Re: Time to upgrade FC8->FC10



On Wednesday 11 February 2009, Paul W. Frields wrote:
On Wed, Feb 11, 2009 at 09:31:58AM -0500, Gene Heskett wrote:
So, I'll ask it again: Preupgrade wants to download the install image to
the /boot partition. Unforch the F8 installer refuses to allow a /boot
partition of over 199 megs, and we all know that image has to be bigger
than that. So the question remains: How do I tell preupgrade to use /tmp,
or even / as a scratchpad location for this install image download?

I'm not aware of any such limit, and asked a few knowledgeable folks
who weren't either. What I suspect happened is you tried to create a
/boot partition in the existing space between the beginning of your
hard disk, and an existing partition (probably the extended area,
maybe swap) after it that you weren't blowing away.

The drive was at that point clean when it failed the first time, then I went
back before I started the install again, used fdisk to make a 500MB 1st
partition, a 2gb swap next so it was on the outside fast part of the drive,
and several more partition of various sizes cuz I like /var on its own, /root
on its own/ and /home on its own, but when I restarted the installer and it
put it clear at the end of the disk and kept it there regardless. WTH is it
with this that it also insists that /root cannot be a separate partition, but
must be a subdir of /? Total nonsense, that you cannot even setup a drive
the way you want it, skip that part of the install & just go do it.

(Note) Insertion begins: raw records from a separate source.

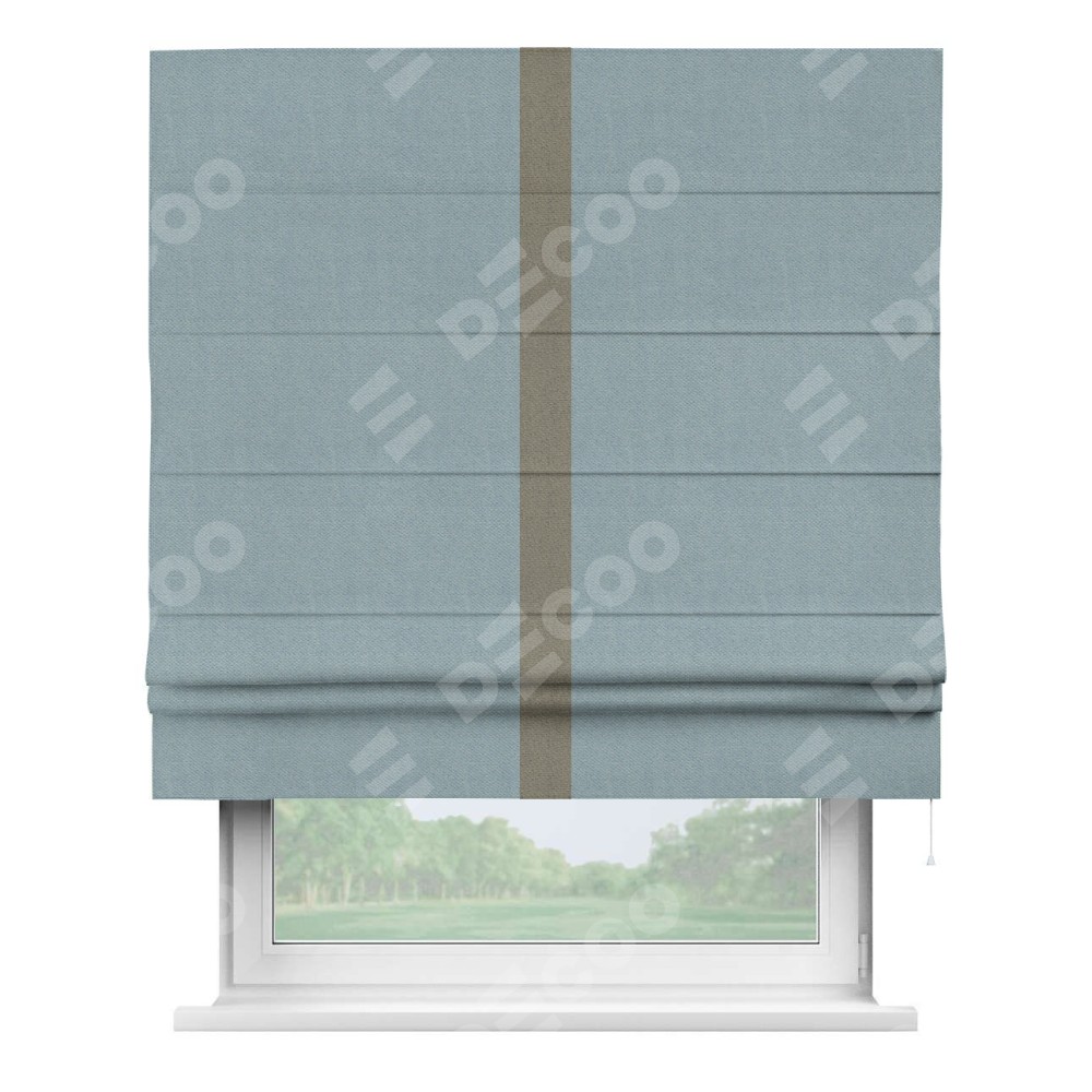 Римская штора производителя «Cortin», используется для проёма, пошита из ткани блэкаут с блеском синий, артикул 34625. Отделка шторы кантом «Хайвэй», ткань для канта используется из блэкаута с блеском разной расцветки на выбор. Изнаночная сторона материала черного цвета, что обеспечивает необходимую светонепроницаемость. Имеет универсальный механизм и подходит для монтажа: на потолок, на стену и в нишу.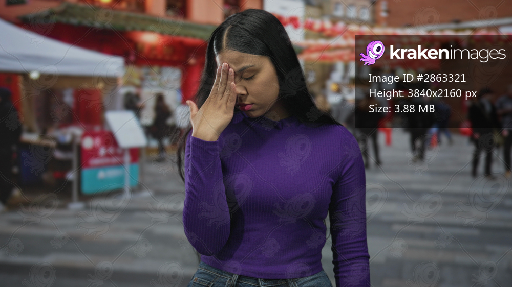 Young latin woman making pinched fingers gesture on crowded urban street lined with market stalls; confusion.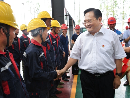 7月30日下午,市委書記張兵深入市區快速路環線工程(一期)土建1標段施工工地,看望慰問堅守在高溫一線的建設工人。市人大常委會副主任朱海平,市委副秘書長、市委辦公室主任趙建明,市總工會黨組書記、常務副主席嚴吉丹,項目推進辦主任畢志強、副主任許海云,集團公司董事長李云鴻、總經理張富標、副總經理李建國等陪同慰問。

I have never figured out why you people hate fdisk so much. Back when you
called it disk druid or some such it was a PIMA, and while the face is now a
lot prettier, it is just as terminally broken in its heart as ever.

There are a limit
to what even good heuristics will do to address this problem, and
having played with the installers for other distros, I don't think
it's unique to Fedora.

Probably not and will remain so until all are using fdisk or (g)parted to do
the disk configuration.

You can use parted -- or better yet, one of its GUI cousins -- to deal
with this problem, but it's not a simple exercise by any means. If
you're reading this in an interface that uses a fixed-width font, this
diagram might make sense. Otherwise, it might not:

Perfect here.

.-- beginning of disk end of disk --.
V V

|=====|==========|=================================================|

/boot swap extended partition (maybe LVM?)
200 MB 1 GB (rest of disk)
sda1 sda2 sda3

Some of that 200 MB is taken up by the kernels, initial ramdisks, etc.
your system has installed. You could remove extra kernels to make
more space; each set of files takes up somewhere in the neighborhood
of 8-10 MB, I believe. Then you could try preupgrade. If you tend to
keep lots of kernels that could be a problem. I thought that the
amount of data that preupgrade downloads is under 150 MB, but not
much.

If you reinstalled and chose to reuse that extended area and swap
as-is, you ended up with limited choices for resizing /boot.

This time it will be on a 400GB deathstar. Distro yet TBD, but likely ubuntu.

On the other hand, if you did a whole bunch of partition-moving voodoo
-- and I promise you it's not for the faint of heart, I've done it
myself, only after a full backup -- you *might* be able to end up with

this:
|-------|==========|===============================================|

empty swap extended partition
300 MB

Now you've got extra space and when you run the installer, you can
keep the existing partitions and write a bigger /boot as well.

And I just got finished half an hour ago, moving my complete amanda vtape
archive to a new 1TB drive, so yes, you could say I'm reasonably familiar
with such, as long as the supplied tools don't override what I want. In the
F8 case for both installs, they did, either resetting my choices to what they
wanted, or by refusing to recognize them at all.

If I was to reinstall on this drive, I'd just move the end of boot/swap border
in about a half a gig.

Really, in the interest of time and hair-pulling, in these cases I
simply tend to back up data and reinstall, setting up the partitions
in a more useful way for future-proofing. Right now, I'd go for about
250-300 MB for /boot to ensure that future preupgrades fly without a
hitch.

And all you have to do is get past the 199meg limit for /boot that the F8
installer insisted on. Use fdisk to set it up bigger, and the installer
would not recognize it.

--
Cheers, Gene
"There are four boxes to be used in defense of liberty:
soap, ballot, jury, and ammo. Please use in that order."
-Ed Howdershelt (Author)
Some scholars are like donkeys, they merely carry a lot of books.